How to complete this task —
Repeat the lines from the line with "Maphill is a" to the line with "生物酶异味清除剂采用高活性天" in the listing below, keeping both end lines and adding nothing.

Records for processing —
-=-=-

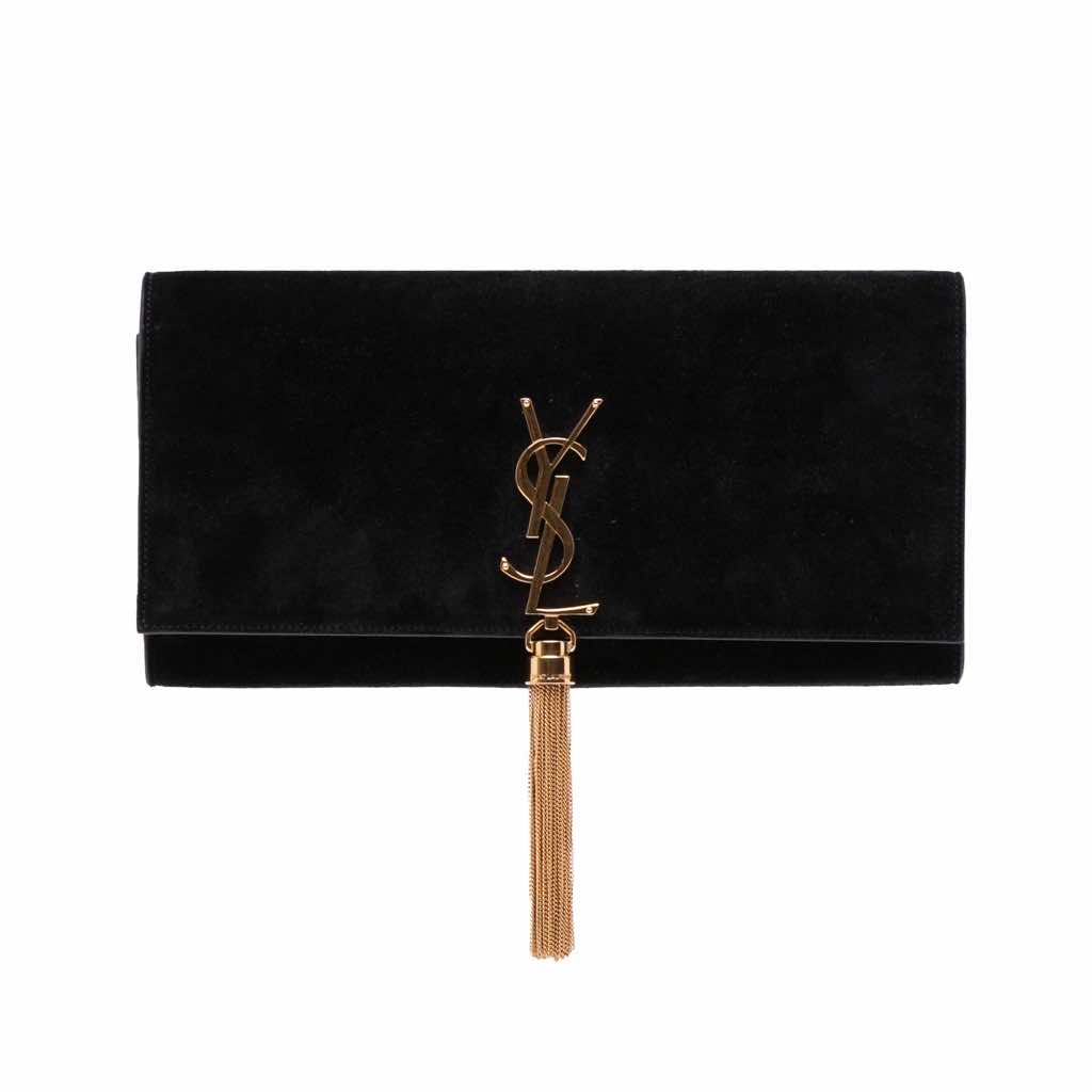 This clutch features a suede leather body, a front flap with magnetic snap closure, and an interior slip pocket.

-=-=-

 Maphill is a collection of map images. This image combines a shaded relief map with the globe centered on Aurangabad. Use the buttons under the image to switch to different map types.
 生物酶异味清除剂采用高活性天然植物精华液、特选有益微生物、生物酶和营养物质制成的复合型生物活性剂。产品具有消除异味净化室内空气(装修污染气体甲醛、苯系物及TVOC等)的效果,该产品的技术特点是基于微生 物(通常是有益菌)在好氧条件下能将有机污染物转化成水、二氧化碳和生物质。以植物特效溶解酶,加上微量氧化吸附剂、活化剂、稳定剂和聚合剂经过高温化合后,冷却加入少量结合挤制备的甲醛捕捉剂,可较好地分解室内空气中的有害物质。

-=-=-

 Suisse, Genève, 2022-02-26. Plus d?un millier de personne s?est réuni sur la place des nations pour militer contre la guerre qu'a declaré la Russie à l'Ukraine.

-=-=-

Result for this exercise —
 Maphill is a collection of map images. This image combines a shaded relief map with the globe centered on Aurangabad. Use the buttons under the image to switch to different map types.
 生物酶异味清除剂采用高活性天然植物精华液、特选有益微生物、生物酶和营养物质制成的复合型生物活性剂。产品具有消除异味净化室内空气(装修污染气体甲醛、苯系物及TVOC等)的效果,该产品的技术特点是基于微生 物(通常是有益菌)在好氧条件下能将有机污染物转化成水、二氧化碳和生物质。以植物特效溶解酶,加上微量氧化吸附剂、活化剂、稳定剂和聚合剂经过高温化合后,冷却加入少量结合挤制备的甲醛捕捉剂,可较好地分解室内空气中的有害物质。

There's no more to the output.